Partnership Shares will be acquired by the Trustee on behalf of participants, using the funds contributed by the relevant participant by way of pre-tax salary deductions. Partnership Shares can be withdrawn from the SIP trust at any time.

Leaving employment

The Directors may determine that any Free Shares and/or Matching Shares will be forfeited if a participant ceases to be employed by the Assura Plc group within three years (or such lesser period as the Directors may determine) from the award of those Free Shares and/or Matching Shares, unless the participant leaves by reason of death, injury, disability, redundancy, retirement, a transfer to which the Transfer of Undertakings (Protection of Employment) Regulations 2006 would apply or if the participant's employer company ceases to be an "associated company" of the Company. In any of those cases, the participants will be required to withdraw their Shares from the SIP.

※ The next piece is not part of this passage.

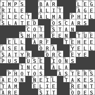 ACROSS 1. Naughty children 5. Long, evenly shaped piece 8. Part of a journey 11. Cause heat under the collar 12. Set down 14. Grow older 15. Opt 17. _ mater 18. Silvers or Donahue 19. Scheduled 21. Motion picture awards 23. Small bed 25. Comedian Laurel of Laurel & Hardy 26. Quiet! 27. Car or cant ending 28. Third day of the wk. 31. Pipe bend 33. Sandy's bark 35. Giggle 37. At sea 38. Mouth or opening 40. Shout 41. Man with strong sexual desires 43. The grampus (Milton) 45. Sight organ 46. Suppuration 47. Purpose 50. Charged particles 52. South American Indian 53. Wing 54. Pictures 56. Michaelmas daisies 61. A really long time 62. Famous astronaut Armstrong 65. Proceeds 66. Scottish cap 67. Writer Wiesel 68. Monthly bill 69. "We ___ not amused" (Victoria) 70. Be seated 71. Lyric poems DOWN 1. Angers 2. Place where flour is made 3. Entreaty 4. Religious group 5. Sound made by sheep 6. Everything 7. Full of chinks, cracks, or crevices 8. Cowardly lion portrayer 9. The front part of a cuirass 10. Set 13. Clothes sense 16. Technician 18. Baking dish 20. Capital of the state of Qatar 22. Patter 24. Through, poetically 26. Kill 28. Those people 29. Ubangi River tributary 30. Snakelike fish 31. He sold his birthright 32. Allows 34. Away 36. Sight organs 37. Viper 39. Roberta Peters solo 42. Undersized animal 44. Root beer relative 48. Biscuitlike quick bread 49. Artist's stands 51. Political cartoonist Thomas 52. Electrically charged atom 54. Lightbulb-shaped fruit 55. Residence 57. Edible starchy tuberous root 58. Made supply last 59. French philosopher Descartes 60. Fast planes 61. "One Day ___ Time" 63. One more than two 64. Allow

If an employee ceases to be employed by the Assura Plc group at any time after acquiring Partnership Shares, the employee will be required to withdraw the Partnership Shares from the SIP trust.

Corporate events

In the event of a general offer being made to Shareholders, participants may be able to direct the Trustee how to act in relation to their Shares.

In the event of a corporate reorganisation, any Shares held by participants may be replaced by equivalent shares in a new holding company.

In the case of a variation of share capital of Assura Plc, Shares held in the SIP will be treated in the same way as other Shares. In the event of a rights issue, participants may be able to direct the Trustee how to act on their behalf.

Dividends on Shares held by the Trustee

Any dividends paid on Shares held by the Trustee on behalf of participants may be either distributed to participants or used to acquire additional Shares for employees.

If any dividends are used to acquire additional Shares, any such additional Shares will be held by the Trustee on behalf of the participants on the same basis as the underlying Shares on which the dividends were paid.

Rights attaching to Shares acquired under the SIP

An employee will be treated as the beneficial owner of Shares held on his or her behalf by the Trustee.

Non-transferability of awards

Grants of Free Shares and Matching Shares are not transferable other than to the participant's personal representatives in the event of their death.

Benefits received under the SIP will not be pensionable.

Satisfaction of awards

Awards of Shares in connection with the SIP may be satisfied by newly issued Shares, Shares purchased in the market by an employees' trust or by the transfer of Shares out of treasury.

Dilution limit

The number of new Shares issued or remaining capable of being issued in connection with the SIP (together with any other employee share schemes operated by the Group) in any period of 10 years, will not exceed 10% of Assura Plc's ordinary share capital in issue from time to time.

If awards of Shares in connection with the SIP are to be satisfied by a transfer of existing Shares, the percentage limit stated above will not apply.

Insofar as it is necessary to ensure compliance with the guidelines issued from time to time by institutional investors, the percentage limits will apply to awards of Shares which are satisfied by the transfer of Shares out of treasury.

Amendment

The Directors may amend the provisions of the SIP in any respect.

However, the provisions governing eligibility requirements, equity dilution, individual participation limits, the basis for determining the rights of participants to acquire Shares and the adjustments that may be made following a rights issue or any other variation of capital cannot be altered to the advantage of existing or new participants without the prior approval of the company's Shareholders in general meeting.

This summary does not form part of the rules of the SIP and should not be taken as affecting the interpretation of their detailed terms and conditions. The Directors reserve the right up to the time of the 2020 Annual General Meeting to make such amendments and additions to the rules of the SIP as may be necessary or as they consider appropriate and provided that such amendments do not conflict in any material respect with this summary.